It’s Been 14 Years Since The Untimely Death Of Wrestling Icon Eddie Guerrero And His Legacy Is More Relevant Today Than Ever
Today marks 14 years since the untimely passing of Latino wrestling icon Eddie Guerrero. Many fans can remember the exact moment when they heard the news that the 38-year-old wrestler was found unconscious in his hotel room. It was untimely and it came out of nowhere.
For me, it was the first huge celebrity death I could recall that emotionally affected me. I was just 10 years old at the time but it felt like I lost a family member that I never met. Guerrero was one of the few wrestlers that embraced his background and spoke Spanish in the ring. He turned stereotypical Latino gimmicks like his ‘Lie Cheat & Steal’ persona into his own. More than a decade after his death, his legacy shines brighter than ever and is an icon not only in the world of wrestling but for Latinos.
Eddie Guerrero passed away on November 13, 2005. It was a day many wrestling fans can remember as an end of an era for a star that left way too early.
To understand the importance of Eddie Guerrero you must start with his humble beginnings as a young wrestler. As part of the legendary Guerrero wrestling family, Eddie followed in the footsteps of his brothers and father and went to Mexico to wrestle. After a few years in the indie wrestling scene, Eddie would make his way through New Japan Pro Wrestling ( NJPW), Extreme Championship Wrestling (ECW) and World Championship Wrestling (WCW), wearing multiple championship belts along the way.
It was in WWE that Eddie made that big leap to wrestling stardom. He enjoyed success in the company in the early 2000s but that would come to an end when he was arrested for drunk driving on November 9, 2001. The company would release Guerrero just three days later. He would use this as motivation to make an eventual return to WWE, who rehired him a year after his arrest. This second chance was an opportunity for Eddie to not only prove to himself but to fans that he could live up to his name that for years followed him.
Thanks in part to his unmatched charisma and lovable personality, Eddie quickly became a fan favorite in 2003. Teaming up with his nephew Chavo, they formed the tag team Los Guerreros and became a force in the company. The duo embraced common Latino cliches and produced skits that showcased their unique personalities. Whether it was the “Latino Heat” persona or him coming out to the ring in a shiny low rider, Eddie became a star in just a few years in the company and Latino fans like myself connected to him. Maybe it was that he sounded like us or that he looked like he could have been your uncle. Either way, he was becoming a star right before our eyes.
Eddie reached the pinnacle of his wrestling career on on February 15, 2004 when he defeated Brock Lesnar to become WWE champion.

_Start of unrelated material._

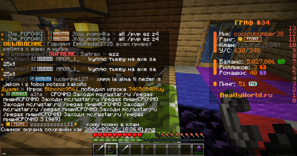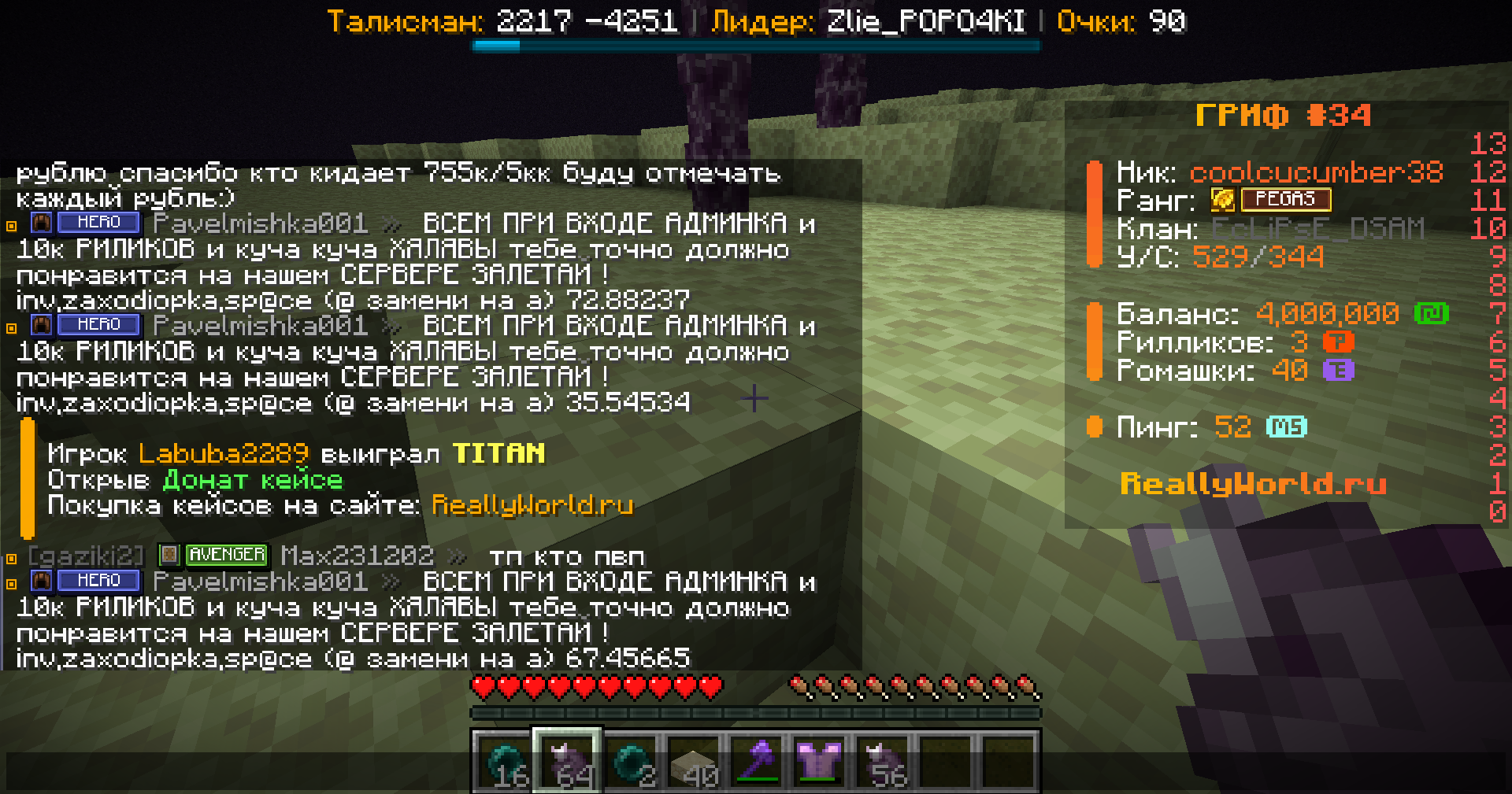 Ваш ник: coolcucumber38 Ник нарушителя: ViAnOs33 Дата нарушения:30.03.26 Суть нарушения:реклама копии риллика На каком гриферском режиме было нарушение (MEGA-GRIEF/GRIEF-1.16) :grief-34 Доказательства о нарушении (фото/видео): Дополнительный комментарий:-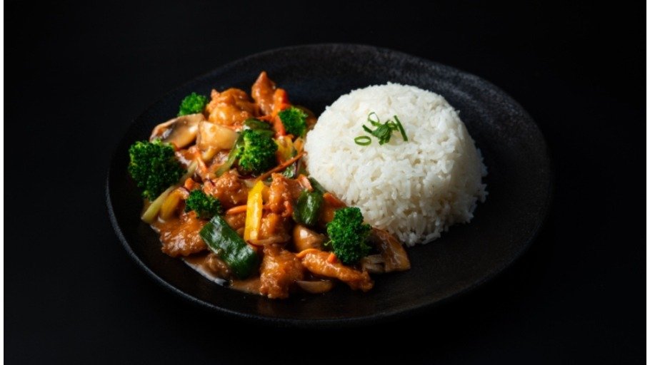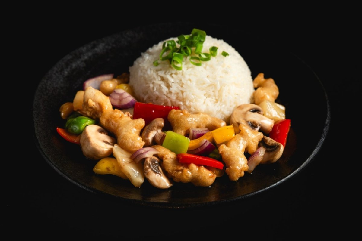 כדורי עוף בטמפורה מוקפצים ברוטב חמוץ מתוק עם פטריות שמפיניון, פלפלים, בצל סגול, אננס ובוטנים. מוגש עם אורז מאודה

Eddie became WWE champion by defeating Brock Lesnar in what would become the signature match of his career. It’s a day that stands alone in the world of wrestling and a moment that you can argue stands up there with other Mexican-American sport achievements. It was significant because of how far Eddie had fallen just a few years earlier and how he was a heavy underdog entering the match. While his title reign would only last a few months, Eddie had become a household name and was revered like no other Latino wrestler was in years.
Unfortunately, things would change over the next year for Eddie as his role as a main event wrestler changed. In 2005, Eddie become tag team champions with another rising Latino star in Rey Mysterio and even later feud with him. By the end of the year, his dark past would return. Eddie was found unconscious in his hotel room by his nephew Chavo. When paramedics arrived at the scene, Eddie was already declared dead. It would later be known that he had died due to the result of acute heart failure.

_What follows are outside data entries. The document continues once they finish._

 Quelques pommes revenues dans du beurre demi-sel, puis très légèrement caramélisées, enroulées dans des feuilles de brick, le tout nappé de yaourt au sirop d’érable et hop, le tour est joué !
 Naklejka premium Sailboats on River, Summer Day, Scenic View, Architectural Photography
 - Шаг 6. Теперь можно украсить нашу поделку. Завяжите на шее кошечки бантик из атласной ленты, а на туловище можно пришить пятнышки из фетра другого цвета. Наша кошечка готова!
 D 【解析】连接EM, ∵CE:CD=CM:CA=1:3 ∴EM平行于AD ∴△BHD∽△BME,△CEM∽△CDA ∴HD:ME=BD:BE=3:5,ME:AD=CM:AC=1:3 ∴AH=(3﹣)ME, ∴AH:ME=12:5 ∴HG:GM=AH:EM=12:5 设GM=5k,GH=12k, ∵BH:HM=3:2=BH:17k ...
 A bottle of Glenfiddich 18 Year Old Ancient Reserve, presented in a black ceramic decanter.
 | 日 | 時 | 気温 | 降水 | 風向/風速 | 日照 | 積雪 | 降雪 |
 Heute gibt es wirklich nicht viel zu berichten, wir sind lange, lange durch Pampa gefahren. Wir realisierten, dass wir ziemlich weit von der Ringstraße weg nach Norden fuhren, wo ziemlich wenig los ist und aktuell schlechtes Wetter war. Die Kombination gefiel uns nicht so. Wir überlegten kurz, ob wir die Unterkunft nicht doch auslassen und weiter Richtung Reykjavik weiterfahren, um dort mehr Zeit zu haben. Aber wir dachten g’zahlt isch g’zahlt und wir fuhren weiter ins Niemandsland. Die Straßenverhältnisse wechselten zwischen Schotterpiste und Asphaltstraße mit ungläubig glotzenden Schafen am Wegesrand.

The wrestling world was left with a huge void that many argue is still being felt today. Fans pay tribute every year to the legacy of one of the greatest wrestlers of all time.
At the time of his death, Twitter didn’t exist and the only place where wrestling fans could find out about his passing were blogs. I logged onto WWE.com on that Sunday afternoon to see the words “Eddie Guerrero October 9, 1967 – November 13, 2005.” Like other fans, I couldn’t believe the news that one of the greatest wrestlers in the sport was gone. More importantly, Eddie was one of our own and he represented Latinos every time he took to the ring. That’s why 14 years later the name Eddie is relevant to so many and is celebrated annually.
Many took to Twitter to pay tribute to Eddie and speak about the impact he had on their lives. One person wrote “I am not who I am without you. 14 years and I still remember you like you never left. To the man that gave me purpose, gave me hope – I can never repay you. Rest peacefully, always.”
“I remember Eddie beating Brock Lesnar for the championship belt. One of the happiest moments in my childhood. The day Eddie died, I cried. One thing he always did was represent our heritage and culture. My favorite wrestler of all time. #VivaLaRaza“, another fan wrote.
There is no further proof of the impact that Eddie Guerrero has had on the lives of many people still today. In a day and age where Latino representation is needed more than ever, Eddie represented the best of us. He showed the power of second chances and the ability to resonate with fans who weren’t like him.
He was and will always be a legend in our eyes. Viva La Raza!